In the records below, find the line with "Midnight Muscadines is", then retype it and every following line exactly, stopping after the line with "Australian silver commemorative". Leave the pictures out.

» PROVIDED DATA:
= = =

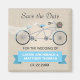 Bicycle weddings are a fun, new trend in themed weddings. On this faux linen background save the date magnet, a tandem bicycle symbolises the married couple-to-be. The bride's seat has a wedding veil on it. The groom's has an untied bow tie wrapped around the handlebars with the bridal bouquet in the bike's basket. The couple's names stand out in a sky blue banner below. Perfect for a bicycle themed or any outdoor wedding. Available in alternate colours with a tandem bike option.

= = =

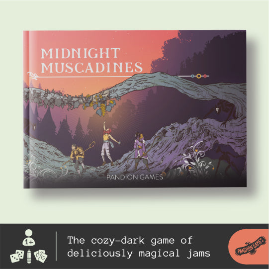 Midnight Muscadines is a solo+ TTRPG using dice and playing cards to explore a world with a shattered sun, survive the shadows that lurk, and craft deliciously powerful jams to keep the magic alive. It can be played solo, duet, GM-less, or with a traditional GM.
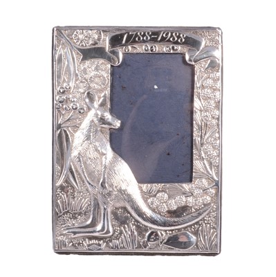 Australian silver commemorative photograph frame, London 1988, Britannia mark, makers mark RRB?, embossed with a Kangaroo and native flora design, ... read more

= = =

» ANSWER FOR THIS EXERCISE:
 Midnight Muscadines is a solo+ TTRPG using dice and playing cards to explore a world with a shattered sun, survive the shadows that lurk, and craft deliciously powerful jams to keep the magic alive. It can be played solo, duet, GM-less, or with a traditional GM.
 Australian silver commemorative photograph frame, London 1988, Britannia mark, makers mark RRB?, embossed with a Kangaroo and native flora design, ... read more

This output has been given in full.